Another thing that made a HUGE difference was a finding that my vitamin D levels were seriously deficient. Within weeks of starting high-dose (50,000 I.U. per week) of Vitamin D, my overall pain levels dropped significantly. In fact, that is what allowed me to cut back on the narcotic and also allowed me to reduce the only other med (Cymbalta) that I've been using for nerve pain.

In the process, I have learned better coping skills, and that has allowed me to decouple the suffering from the pain. It's mostly a forced relaxation technique, where I can allow the pain to exist without affecting me as much. If there's anything positive to say about constant pain, it's that somehow the body can often learn to compensate by allowing the conscious mind to disregard the pain as not being a real threat. What I have most of the time is the equivalent of a bad headache, but I've been lucky enough to be able to tolerate it with adequate nutrition, exercise, positive attitude, and being able to be an active member of my treatment team. I had to "fire" several doctors before I found a couple of really good ones, and that has made a tremendous difference.

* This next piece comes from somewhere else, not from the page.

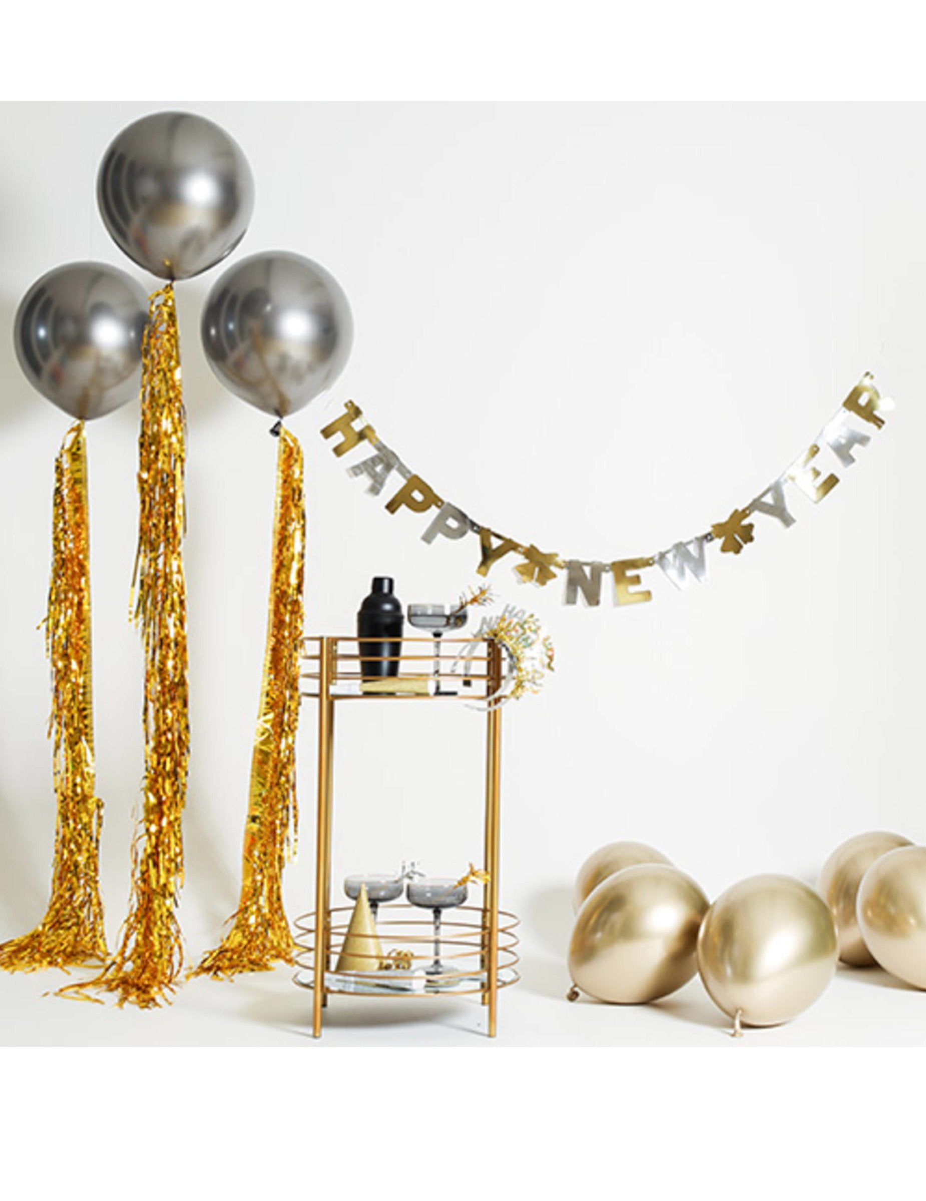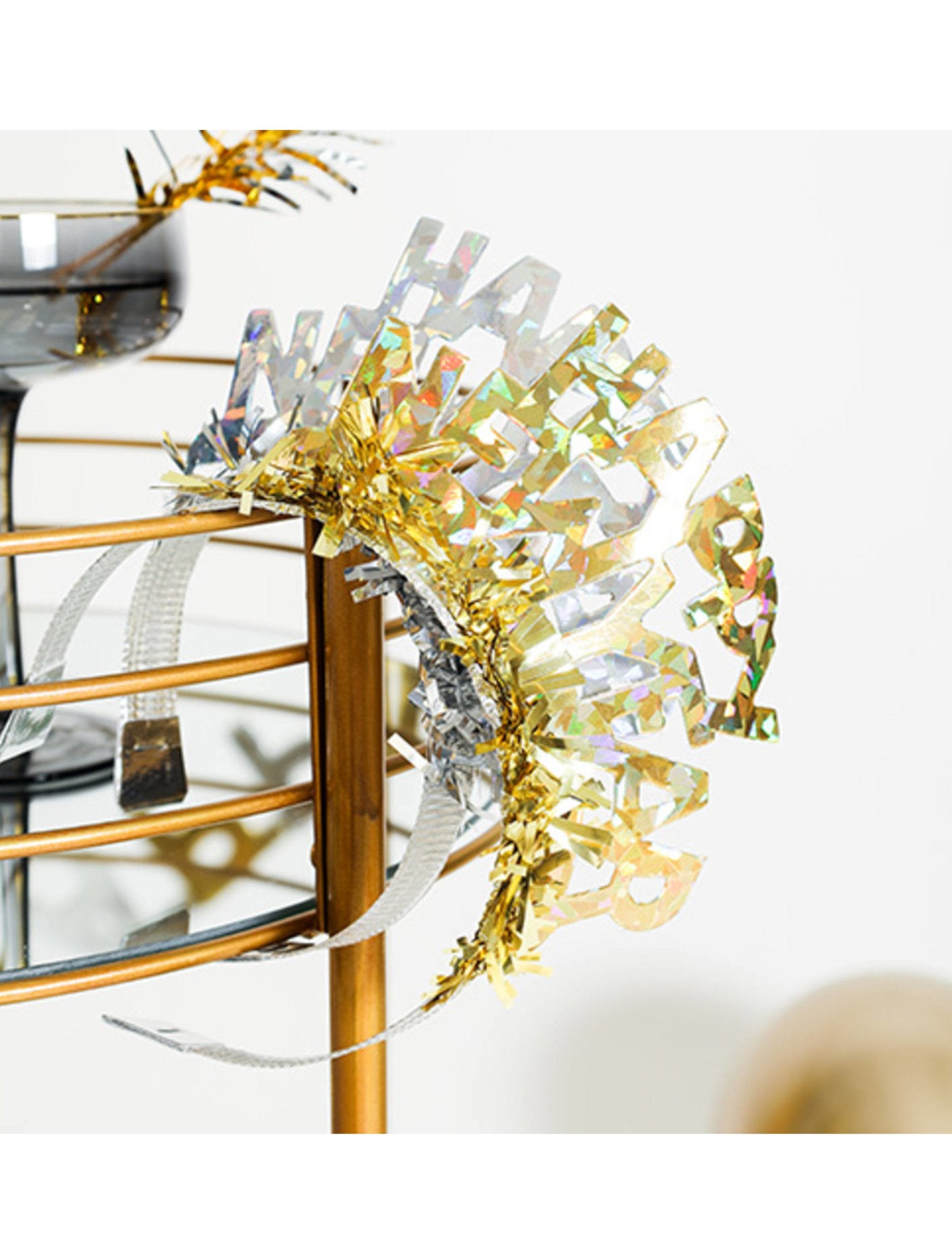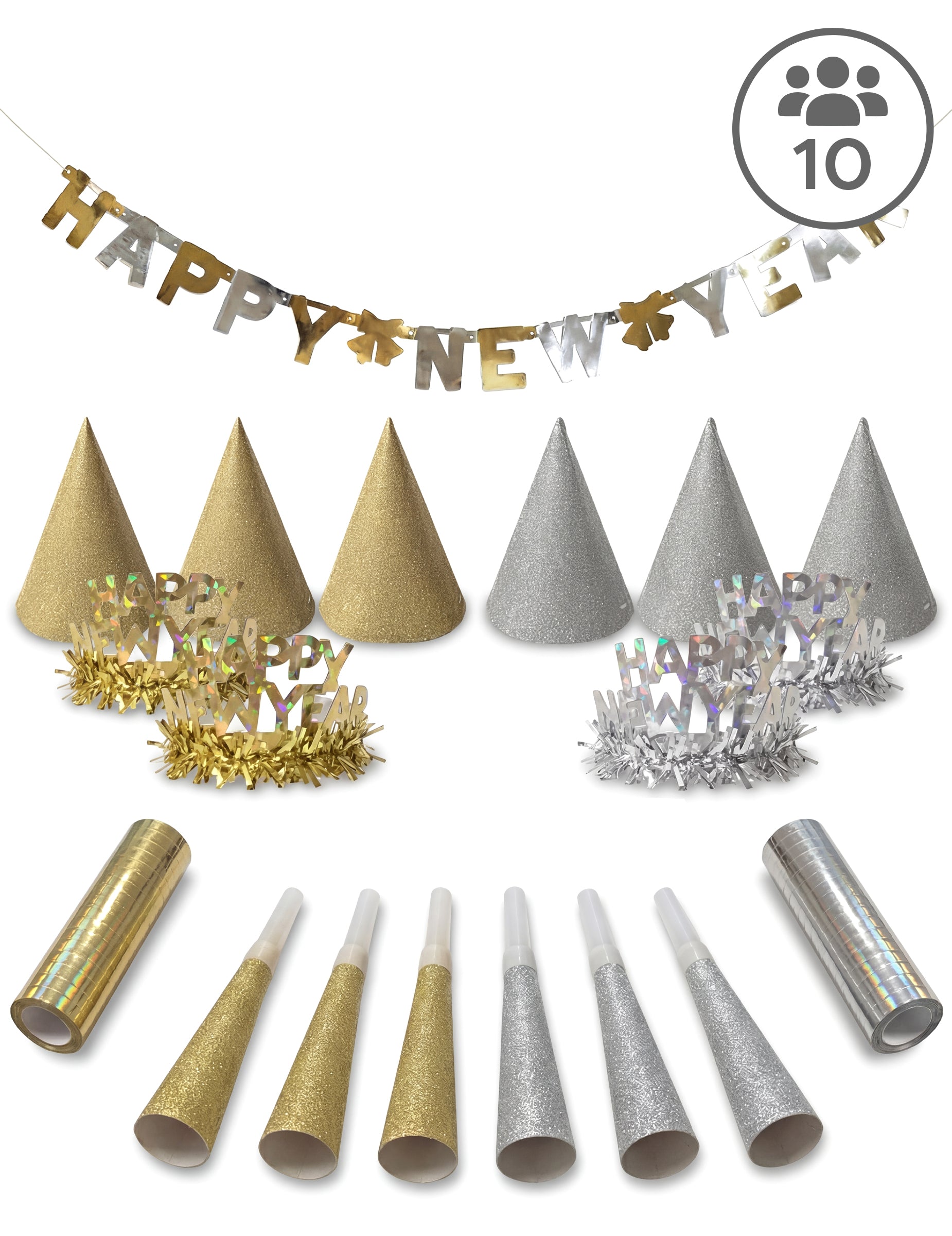 Ez az arany- és ezüst faktorkészlet 27 darabot tartalmaz. Tartalmazza: 6 tiara, 6 szarv, 6 kalap, 6 maszk, 2 szerpentin és 1 zászló. Kiválóan alkalmas új évet a barátokkal vagy a családdal való megünneplésre!

My marriage did not survive the stress, but at least I'm on speaking terms with my ex. We had our share of normal relationship issues, but there's no doubt my illness was the major factor.

I urge you to make sure your vitamin levels are checked. Vitamin D levels are chronically low in much of the population, possibly because we work and pursue recreation indoors much more than previous generations. It's such a factor in chronic pain that doctors are now being told to check blood levels of Vitamin D for all muscoluskeletal pain syndromes, especially when the pain levels are not commensurate with the amount of trauma or disease.

Best of luck. < edited > Finding others with similar stories has helped me realize that I am not alone in my struggle, and you need to know that you are not alone, either.